§ **Task objective**: Reproduce the data below word for word, setting aside any picture it holds.

· · · ·

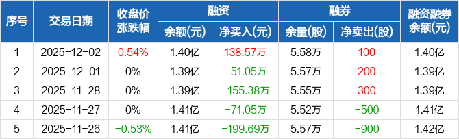 融资方面,当日融资买入672.16万元,融资偿还533.59万元,融资净买入138.57万元。融券方面,融券卖出1000股,融券偿还900股,融券余量5.58万股,融券余额10.43万元。融资融券余额合计1.4亿元。
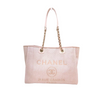 This fun and the fabulous bag makes the perfect everyday or travel tote! The Chanel Canvas Deauville Medium Shopping Tote Bag features a durable canvas body with the traditional Chanel logo stitched in baby pink on the front. The bag comes with chain and fabric entwined shoulder straps. This comfortable and lightweight jumbo tote will hold all your daily essentials in style.
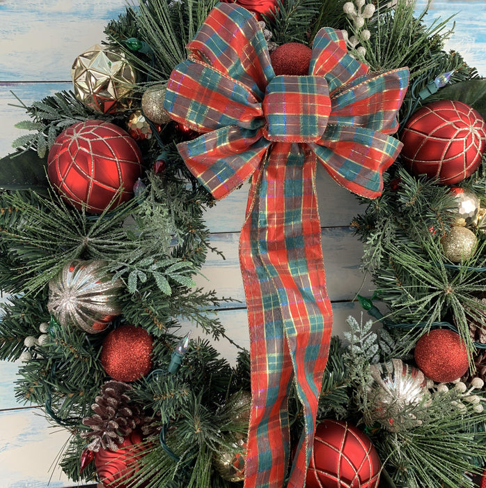 • Ribbon for Gift Wrapping - Rustic Red, Green and Gold Plaid Christmas Bow for Decoration - 10 inches wide and 18 inches long from top of the bow to the bottom of the tails
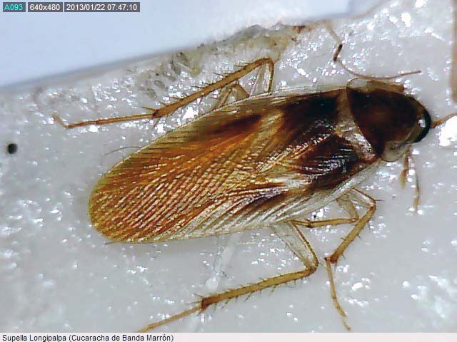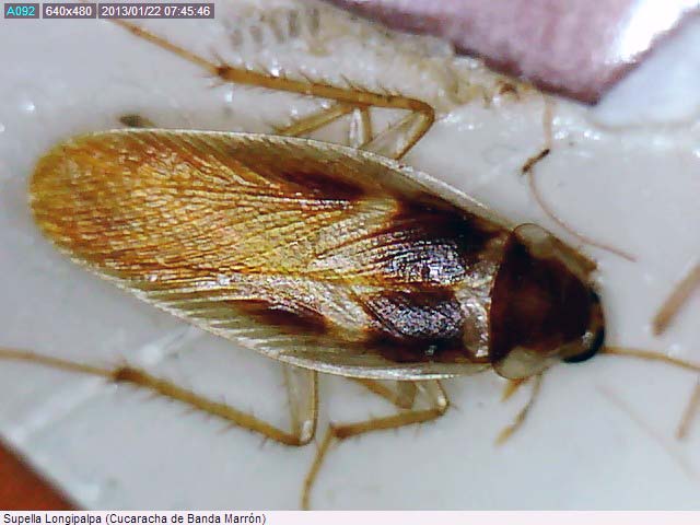 Esta entrada la escribo motivado por dos fotografías que me ha enviado Luis Lozano, Director Técnico de la empresa Sistemas de Gestión Ambiental SL (SIGEAM). Esta empresa de control de plagas de Barcelona detectó ya en julio de 2011 la presencia de la cucaracha de banda marrón (Supella longipalpa). Según me comenta Luis Lozano, fue el técnico Carles Fortea quien la descubrió al ver que era diferente a la cucaracha alemana (Blattella germanica).
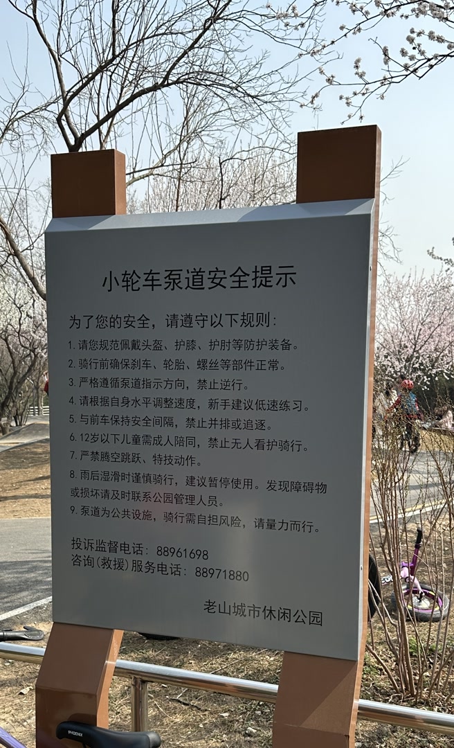 周六上午10时许,老山城市休闲公园“悦骑山林”附近的免费泵道上已十分热闹,二三十个孩子骑着平衡车、小轮车在场地内穿梭,这里既有两三岁的低龄儿童,也有中学生。记者注意到,泵道入口处立有“安全提示牌”,上面明确写着:“规范佩戴头盔、护膝、护肘等防护装备”“严格遵循泵道指示方向,禁止逆行”“与前车保持安全间隔,禁止并排或追逐”等安全规则。
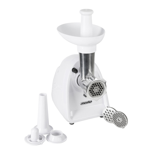 М'ясорубка оснащена 3 змінними ситами: для ковбаси, маку і середнім ситом. В комплект також входить насадка м'ясника і штовхач.
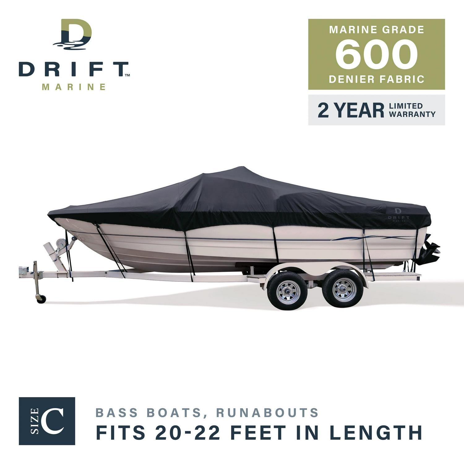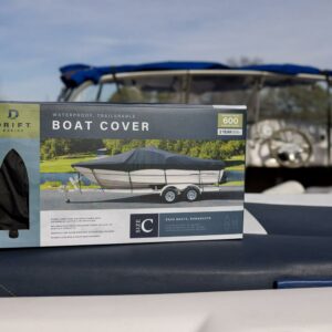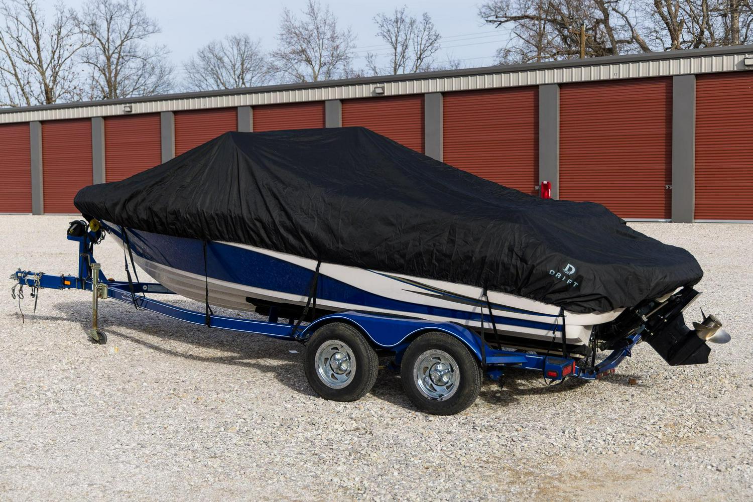 DRIFT 600D Waterproof Trailerable Boat Cover Style C, 20′-22′, 100 Beam, Anti-UV, Black
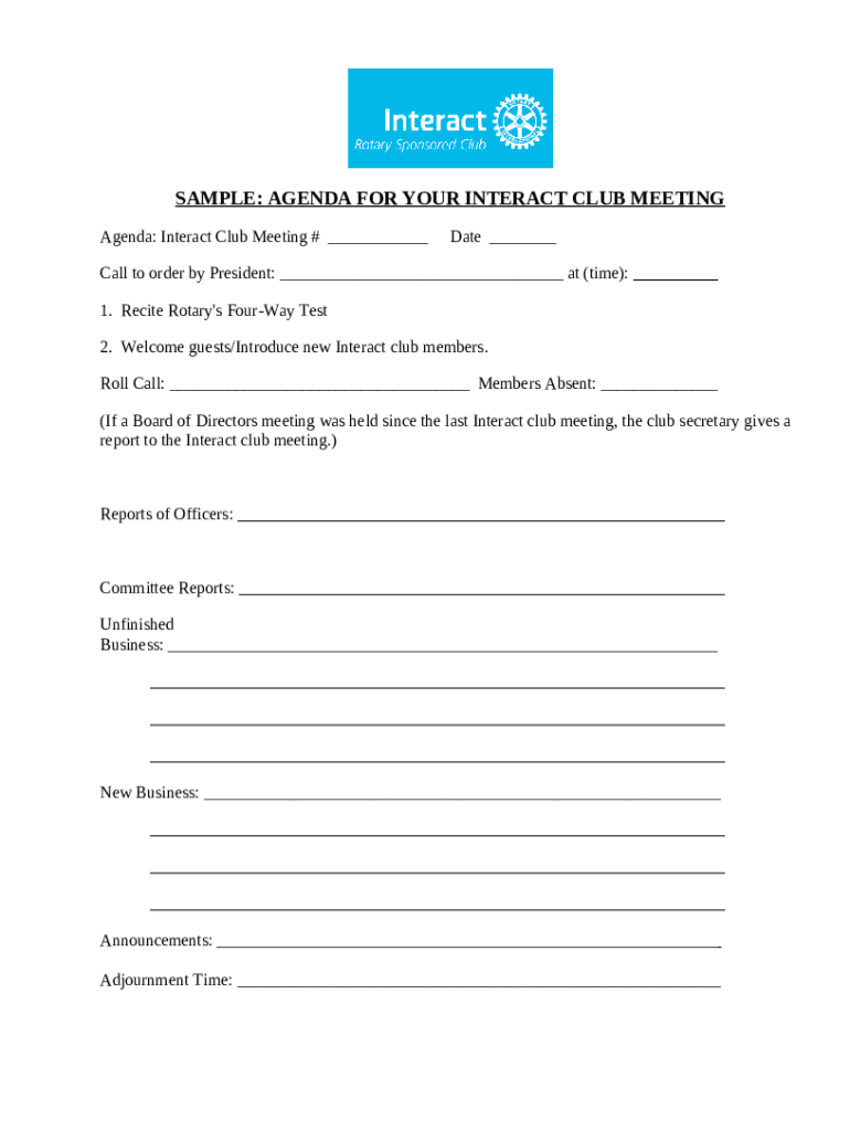 Template Sample Rotary Meeting Agendas to get your Club Organized - MoneyMinder instructions
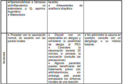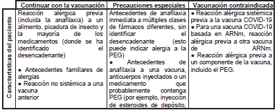 - Un historial de anafilaxia a cualquier otra vacuna o terapia inyectable (es decir, vacunas o terapias intramusculares, intravenosas o subcutáneas) se considera una precaución, pero no una contraindicación para la vacunación. Para estas personas, un profesional de la salud con experiencia especializada en trastornos alérgicos debe realizar una evaluación de riesgos. Estas personas aún pueden recibir la vacuna. Aún es incierto si existe un mayor riesgo de anafilaxia, pero deben ser asesorados sobre el riesgo potencial de anafilaxia y los riesgos deben sopesarse con los beneficios de la vacunación. Estas personas deben ser observadas durante 30 minutos después de la vacunación en entornos de atención médica donde la anafilaxia se puede tratar de inmediato.
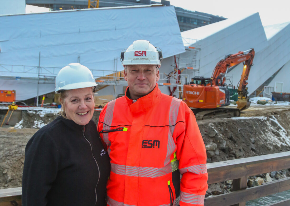 Direktør for Polaria, Anne Grete Johansen, og Jon Egil Sørensen, daglig leder i Einar Sørensen Maskinentreprenør. (Foto: Runar F. Daler)
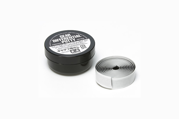 Another neat find on the Tamiya website, Gear differential putty. This is used to control the differential action of gear diff units used in RC cars that have sealed gear diff systems. When high viscosity oils are not enough to achieve the desired differential action, the use of putty can become quite handy. The material in this package comes in a roll which can be removed easily from the plastic case, cut into 3mm pieces with scissors and inserted into the differential. Gear differential putty (25g)
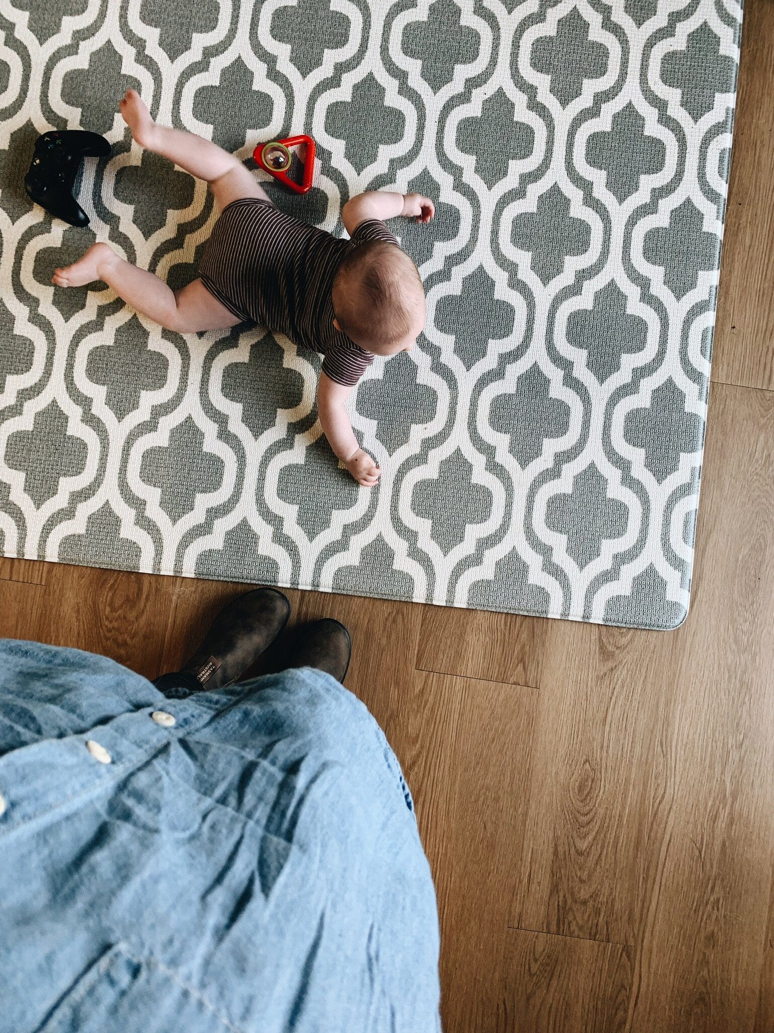 If you’re a new mom and haven’t purchased a playmate for your baby yet, skip the fabric ones and grab this one instead! While I loved our SkipHop activity gym I so wish we would have saved the $100 we spent on that to buy this and a wooden activity gym instead. This baby care play mat is the best baby item we’ve purchased so far. It’s cushioned and thick enough that I don’t have to worry about Jasper falling over and hitting his head on the hard floor, it wipes clean easily because it is a rubber like material, it looks great with our home decor, and I don’t have to worry about the fact that it’s in a high traffic area where the dogs often go. It’s also reversible! I cannot say enough good things about this mat so if you’re a new mom or expecting, definitely grab this for your home! We have the medium size and it’s the perfect amount of playroom for Jasper (more than his other activity gym) but still leaves enough room for us to get around.
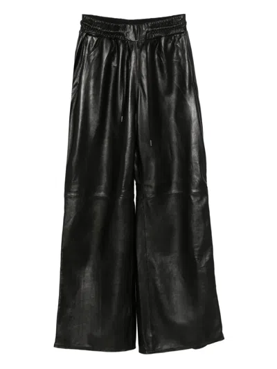 black leather construction side zip detailing elasticated waistband snap button fastenings. Colour. : Black. Composition. : Lining Composition Polyester: 100.0%, Outer Composition Sheepskin: 100.0%. Country Of Manufacture. : India. MPN. : R13WR418R426ABLACK. .
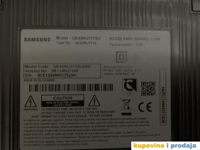 Prodajem Samsung tv,smart 4K UHD, 43(108 cm)crne boje,model UE43RU7172U.Tv je kao nov,u odlicnom stanju i u garanciji do 04.03.2022 godine.Kupljen je u Srbiji ,u radnji za koji postoji fiskalni racun,sa garancijom!Cena 200 evra.

· · · ·

§ **Answer section**:
 融资方面,当日融资买入672.16万元,融资偿还533.59万元,融资净买入138.57万元。融券方面,融券卖出1000股,融券偿还900股,融券余量5.58万股,融券余额10.43万元。融资融券余额合计1.4亿元。
 This fun and the fabulous bag makes the perfect everyday or travel tote! The Chanel Canvas Deauville Medium Shopping Tote Bag features a durable canvas body with the traditional Chanel logo stitched in baby pink on the front. The bag comes with chain and fabric entwined shoulder straps. This comfortable and lightweight jumbo tote will hold all your daily essentials in style.
 • Ribbon for Gift Wrapping - Rustic Red, Green and Gold Plaid Christmas Bow for Decoration - 10 inches wide and 18 inches long from top of the bow to the bottom of the tails
 Esta entrada la escribo motivado por dos fotografías que me ha enviado Luis Lozano, Director Técnico de la empresa Sistemas de Gestión Ambiental SL (SIGEAM). Esta empresa de control de plagas de Barcelona detectó ya en julio de 2011 la presencia de la cucaracha de banda marrón (Supella longipalpa). Según me comenta Luis Lozano, fue el técnico Carles Fortea quien la descubrió al ver que era diferente a la cucaracha alemana (Blattella germanica).
 周六上午10时许,老山城市休闲公园“悦骑山林”附近的免费泵道上已十分热闹,二三十个孩子骑着平衡车、小轮车在场地内穿梭,这里既有两三岁的低龄儿童,也有中学生。记者注意到,泵道入口处立有“安全提示牌”,上面明确写着:“规范佩戴头盔、护膝、护肘等防护装备”“严格遵循泵道指示方向,禁止逆行”“与前车保持安全间隔,禁止并排或追逐”等安全规则。
 М'ясорубка оснащена 3 змінними ситами: для ковбаси, маку і середнім ситом. В комплект також входить насадка м'ясника і штовхач.
 DRIFT 600D Waterproof Trailerable Boat Cover Style C, 20′-22′, 100 Beam, Anti-UV, Black
 Template Sample Rotary Meeting Agendas to get your Club Organized - MoneyMinder instructions
 - Un historial de anafilaxia a cualquier otra vacuna o terapia inyectable (es decir, vacunas o terapias intramusculares, intravenosas o subcutáneas) se considera una precaución, pero no una contraindicación para la vacunación. Para estas personas, un profesional de la salud con experiencia especializada en trastornos alérgicos debe realizar una evaluación de riesgos. Estas personas aún pueden recibir la vacuna. Aún es incierto si existe un mayor riesgo de anafilaxia, pero deben ser asesorados sobre el riesgo potencial de anafilaxia y los riesgos deben sopesarse con los beneficios de la vacunación. Estas personas deben ser observadas durante 30 minutos después de la vacunación en entornos de atención médica donde la anafilaxia se puede tratar de inmediato.
 Direktør for Polaria, Anne Grete Johansen, og Jon Egil Sørensen, daglig leder i Einar Sørensen Maskinentreprenør. (Foto: Runar F. Daler)
 Another neat find on the Tamiya website, Gear differential putty. This is used to control the differential action of gear diff units used in RC cars that have sealed gear diff systems. When high viscosity oils are not enough to achieve the desired differential action, the use of putty can become quite handy. The material in this package comes in a roll which can be removed easily from the plastic case, cut into 3mm pieces with scissors and inserted into the differential. Gear differential putty (25g)
 If you’re a new mom and haven’t purchased a playmate for your baby yet, skip the fabric ones and grab this one instead! While I loved our SkipHop activity gym I so wish we would have saved the $100 we spent on that to buy this and a wooden activity gym instead. This baby care play mat is the best baby item we’ve purchased so far. It’s cushioned and thick enough that I don’t have to worry about Jasper falling over and hitting his head on the hard floor, it wipes clean easily because it is a rubber like material, it looks great with our home decor, and I don’t have to worry about the fact that it’s in a high traffic area where the dogs often go. It’s also reversible! I cannot say enough good things about this mat so if you’re a new mom or expecting, definitely grab this for your home! We have the medium size and it’s the perfect amount of playroom for Jasper (more than his other activity gym) but still leaves enough room for us to get around.
 black leather construction side zip detailing elasticated waistband snap button fastenings. Colour. : Black. Composition. : Lining Composition Polyester: 100.0%, Outer Composition Sheepskin: 100.0%. Country Of Manufacture. : India. MPN. : R13WR418R426ABLACK. .
 Prodajem Samsung tv,smart 4K UHD, 43(108 cm)crne boje,model UE43RU7172U.Tv je kao nov,u odlicnom stanju i u garanciji do 04.03.2022 godine.Kupljen je u Srbiji ,u radnji za koji postoji fiskalni racun,sa garancijom!Cena 200 evra.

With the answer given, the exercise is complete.